- [Instructions to follow] Please return the full listing word for word, leaving out any pictures.
:: Supplied information
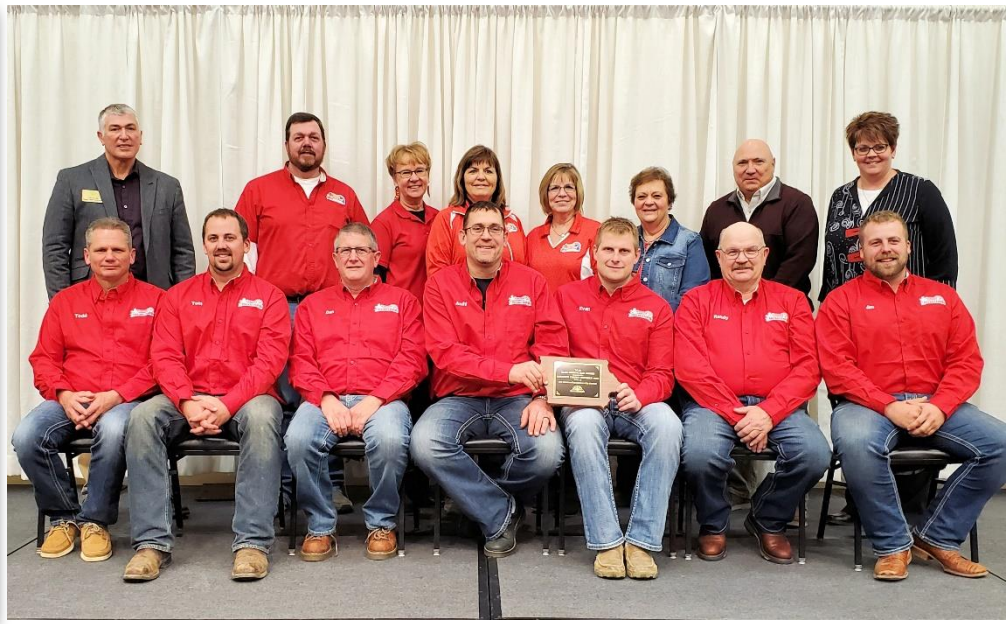
2019 Blue Ribbon Award ----- North Central District ----- HANCOCK COUNTY FAIR Britt
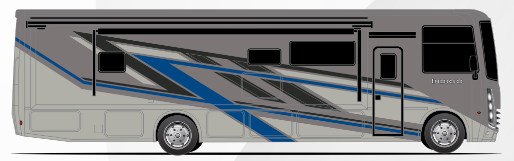
BLUE SHALE FULL BODY PAINT

Use your phone's camera to find out more information. Just scan the code!
::::
- [Finished exercise]
2019 Blue Ribbon Award ----- North Central District ----- HANCOCK COUNTY FAIR Britt
BLUE SHALE FULL BODY PAINT

Use your phone's camera to find out more information. Just scan the code!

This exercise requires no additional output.